‘Protect Colombia’s sex workers’: Women’s orgs react to Secret Service scandal

Behind the headlines of the Secret Service prositution scandal lies a grim reality that is being ignored, Colombian women’s rights organizations argued Friday.

A joint statement responded angrily to the media outcry that has engulfed the U.S. since the discovery that a group of military and Secret Service personnel had hired prostitutes in Cartagena, days before President Barack Obama’s arrival for the Summit of the Americas.

“We reject the attitude of the Secret Service agents in taking advantage of their power and refusing to pay what was agreed with the workers, after taking their bodies and using their sexual services,” said the statement, written by the Human Life Corporation, the National Network of Women, Observatory of Gender Democracy and Human Rights, the League of Displaced Women and Women Who Believe.

The agents’ behavior “violated the labor rights of women working in prostitution,” they said.

The story broke when an argument over payment between one agent and a prostitute attracted attention at the upmarket hotel where the U.S. delegation was staying.

Dania Suarez, a 24-year-old single mother identified as the woman in question, told the New York Times she had agreed a price of $800 with the agent, but the next morning he only offered her $30.

“It should be made clear that our position is, without any room for doubt, supporting the struggle for the human rights of women sex workers,” said the women’s groups. They called on the U.S. Embassy in Colombia, the Foreign Ministry and Cartagena’s mayoral office to make public the results of investigations into the Secret Service agents’ actions.

Three Secret Service agents have left their jobs in the wake of the scandal, and up to three more may go. Twelve are now on administrative leave.

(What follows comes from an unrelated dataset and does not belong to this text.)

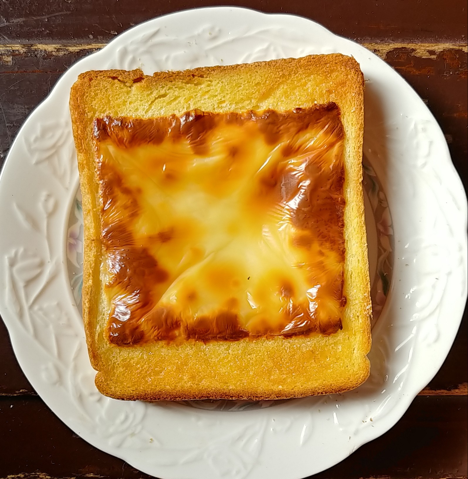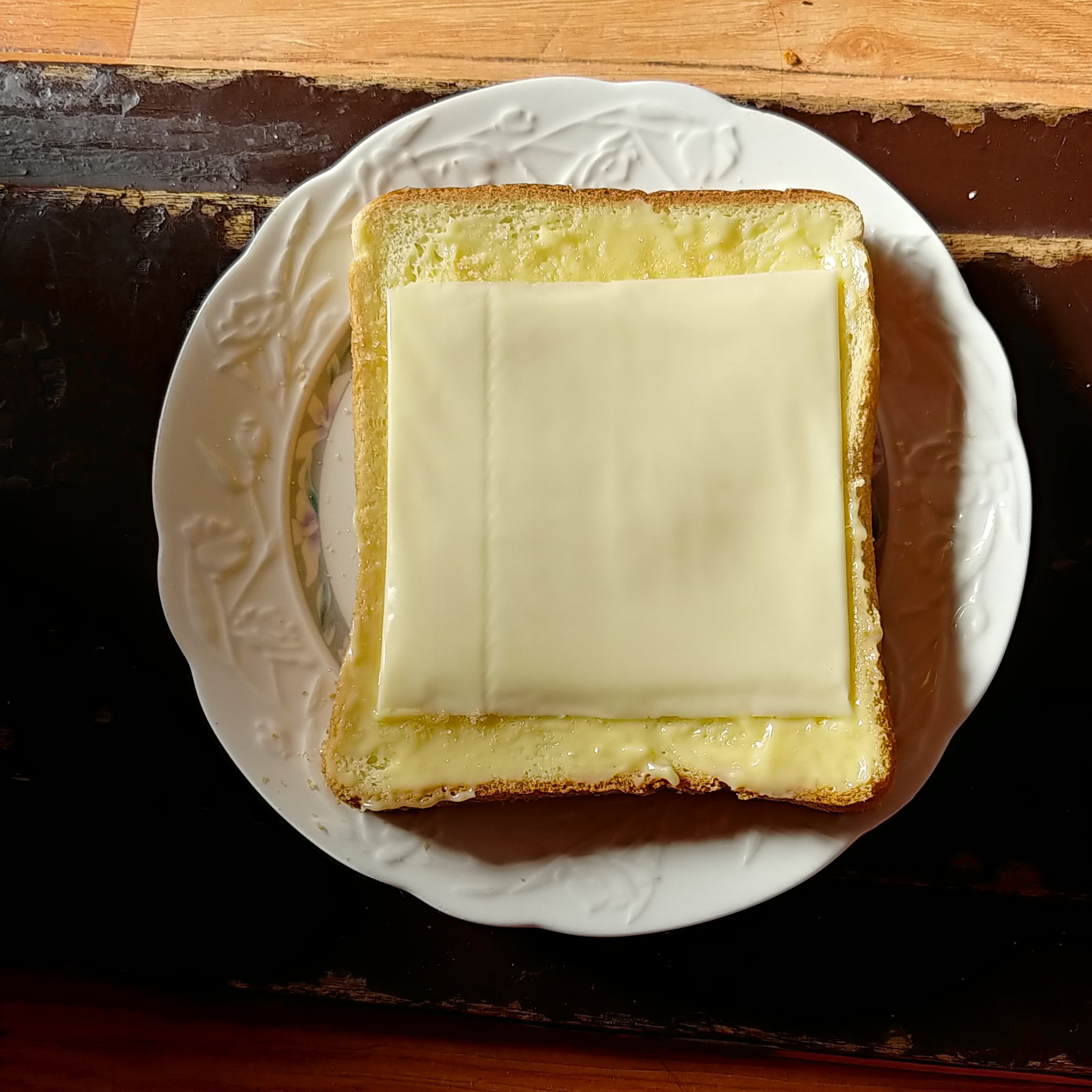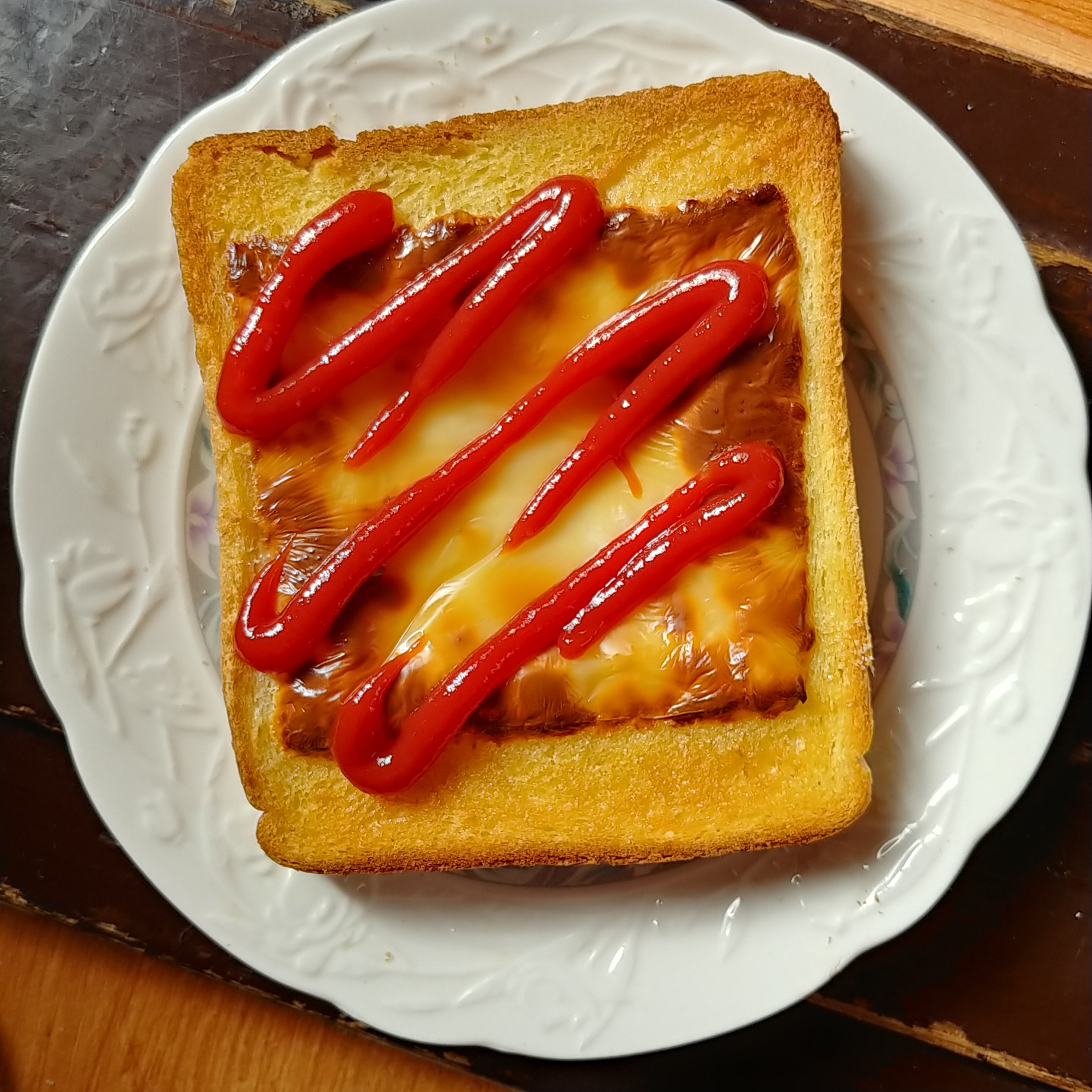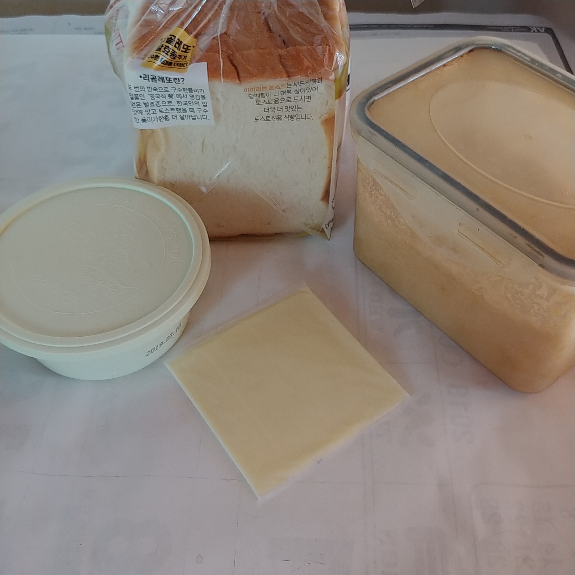 식빵 1장, 설탕, 버터, 슬라이스 치즈 1장 (케챱)

The causes and realities of prostitution were being completely ignored, said the organizations. “Prostitution (…) is caused by the inequality and poverty that exists in many of our cities,” they said, and in Cartagena the fundamental problem was the “exclusion and povery of most of the black population.”

Bolivar, the department in which Cartagena is located, is one of the five poorest in Colombia. It’s estimated that 60% of Cartagena’s population exists below the U.N. poverty level of $2 a day, which combined with a steady stream of wealthy foreign visitors creates the prime conditions for sex tourism.

The women’s groups called on local and national governments to take action. “The sexual exploitation of children, just like the persecution and murder of prostitutes, is a problem that has not been tackled by governments in a serious and responsible way,” said the statement.

Finally, they demanded “an advance in policies to eradicate gender violence, discrimination, trafficking in women and the sexual exploitation of children in the city.”